Parameter	Mandatory or Optional	Description	Allowed Values	Default Value
appId and appKey	Mandatory	These are your credentials to access HyperVerge's system. Find them on the HyperVerge One dashboard	Not Applicable	Not Applicable
expiry	Mandatory	Specifies how long the access token will be valid, in seconds. The maximum supported value is 86400 (24 hours)	Integer	43200 (12 hours)
transactionId	Mandatory	Unique identifier of the user or application. Has to be same as the value sent during SDK initialization	Not Applicable	Not Applicable
workflowId	Mandatory	Identifier of the HyperVerge workflow. Find this on the HyperVerge One dashboard or reach out to your integration engineer	Not Applicable	Not Applicable
authenticateOnResume	Optional	Only applicable if Cross Platform Resume functionality is enabled for your workflow. Controls how user re-authentication is handled in cross-platform scenarios: set to "yes": HyperVerge handles re-authentication via OTP verification (requires either mobileNumber or email) set to"no": Your app handles re-authentication internally Ensure that your workflow is configured with the authentication flow for resuming users, i.e., when using authenticateOnResume = "yes"	"yes"/"no"	no
mobileNumber or email	Optional	Only applicable if authenticateOnResume is "yes" Used by HyperVerge to verify the user via either a mobile number or email based OTP authentication. You must provide either mobileNumber OR email, but not both The authentication flow in your workflow must be configured to support the provided contact method	Not Applicable	Not Applicable

Advanced Authentication Scenarios

Additional configuration options for cross-platform authentication and complex user flows:

1. Platform-Specific Authentication

When to use this scenario: Your application requires different authentication approaches across platforms. Some platforms use internal authentication systems, while others require HyperVerge to handle user verification.

How this scenario works: The system provides flexible authentication through the authenticateOnResume parameter. When set to "no", your application handles authentication internally without requiring contact information in token generation. When set to "yes", HyperVerge manages re-authentication using contact information you provide.

Configuration steps:

• Set authenticateOnResume to "yes" for platforms where HyperVerge handles user re-authentication (requires mobileNumber or email)
• Set authenticateOnResume to "no" for platforms where your application handles re-authentication internally
• Provide either mobileNumber or email when using authenticateOnResume = "yes" for OTP-based verification

Example use case: Users start KYC on your mobile app but receive a web link to complete additional steps. Your mobile app handles authentication internally (authenticateOnResume = "no"), while the web link uses HyperVerge's authentication (authenticateOnResume = "yes" with user's contact info).

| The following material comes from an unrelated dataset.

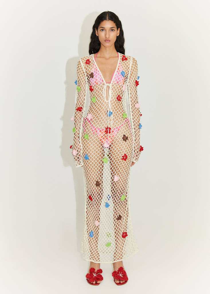 Chunky knit fabric. Openwork design. Long design. V-neckline. Tie closure neckline. Long sleeves. No Fastening. Flower details. Fitted design.
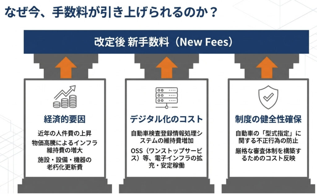 今回の手数料改定は、2026年3月6日に閣議決定・3月11日に公布された「道路運送車両法関係手数料令の一部を改正する政令」に基づくものです。施行日は令和8年4月1日。年度末の繁忙期と重なるこのタイミングで、改定の必要性はどこにあったのでしょうか。主な理由は大きく3つに分けられます。

2. Universal HyperVerge Authentication

When to use this scenario: Your application requires HyperVerge to handle all user re-authentication across every platform and you have access to user contact information during token generation.

How this scenario works: The system enables consistent authentication across all platforms using OTP verification, which users complete through mobile number or email whenever they resume their workflow on any platform.

Configuration steps:

• Set authenticateOnResume to "yes"
• Provide either mobileNumber or email during token generation
• Ensure your workflow includes the 'CPR Auth' object configuration

Example use case: Enterprise applications requiring consistent security policies across web, mobile, and desktop platforms where HyperVerge manages all authentication touchpoints.

3. Universal HyperVerge Authentication (With contact information retrieval)

When to use this scenario: Your application requires HyperVerge to handle re-authentication across platforms but you don't have user contact information (mobileNumber or email) during token generation.

How this scenario works: HyperVerge collects contact information during the workflow execution through integrated mobile/email verification steps. The credentials are obtained during the process and cross-platform resume functionality is enabled for you without requiring user contact information at token generation.

Configuration steps:

• Include mobile/email verification steps in your primary workflow
• Contact your integration engineering team to configure the 'CPR Auth' object in your workflow
• Enable contact collection within the workflow rather than during token generation

Example use case: Public-facing applications where users begin verification without providing contact information upfront, but HyperVerge collects this data during the workflow to enable cross-platform resume capabilities.

4. Client-Managed Authentication (No Cross-Platform Resume)

When to use this scenario: Your application handles all user authentication internally across all platforms and you don't require cross-platform resume functionality. Users complete their verification within a single platform session.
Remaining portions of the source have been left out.